ACTIVITY>
Below this line is the material. Write out only its lines from the one containing "因为男德典范马老师在家里家务" through the one containing "14,15 m. | ||", both kept, exactly.

RECORDS FOR THE TASK>
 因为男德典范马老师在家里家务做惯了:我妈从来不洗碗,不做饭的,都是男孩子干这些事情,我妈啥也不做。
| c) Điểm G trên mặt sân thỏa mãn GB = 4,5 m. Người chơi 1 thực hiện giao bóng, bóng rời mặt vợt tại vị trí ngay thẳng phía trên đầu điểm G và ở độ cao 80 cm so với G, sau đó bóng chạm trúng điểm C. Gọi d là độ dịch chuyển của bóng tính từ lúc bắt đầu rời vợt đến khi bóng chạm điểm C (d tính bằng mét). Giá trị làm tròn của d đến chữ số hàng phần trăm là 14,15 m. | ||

---

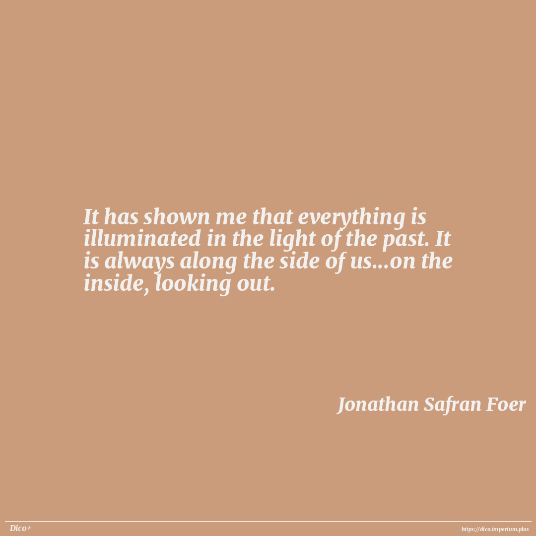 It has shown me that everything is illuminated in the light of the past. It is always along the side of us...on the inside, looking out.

SOLUTION FOR THIS PROBLEM>
 因为男德典范马老师在家里家务做惯了:我妈从来不洗碗,不做饭的,都是男孩子干这些事情,我妈啥也不做。
| c) Điểm G trên mặt sân thỏa mãn GB = 4,5 m. Người chơi 1 thực hiện giao bóng, bóng rời mặt vợt tại vị trí ngay thẳng phía trên đầu điểm G và ở độ cao 80 cm so với G, sau đó bóng chạm trúng điểm C. Gọi d là độ dịch chuyển của bóng tính từ lúc bắt đầu rời vợt đến khi bóng chạm điểm C (d tính bằng mét). Giá trị làm tròn của d đến chữ số hàng phần trăm là 14,15 m. | ||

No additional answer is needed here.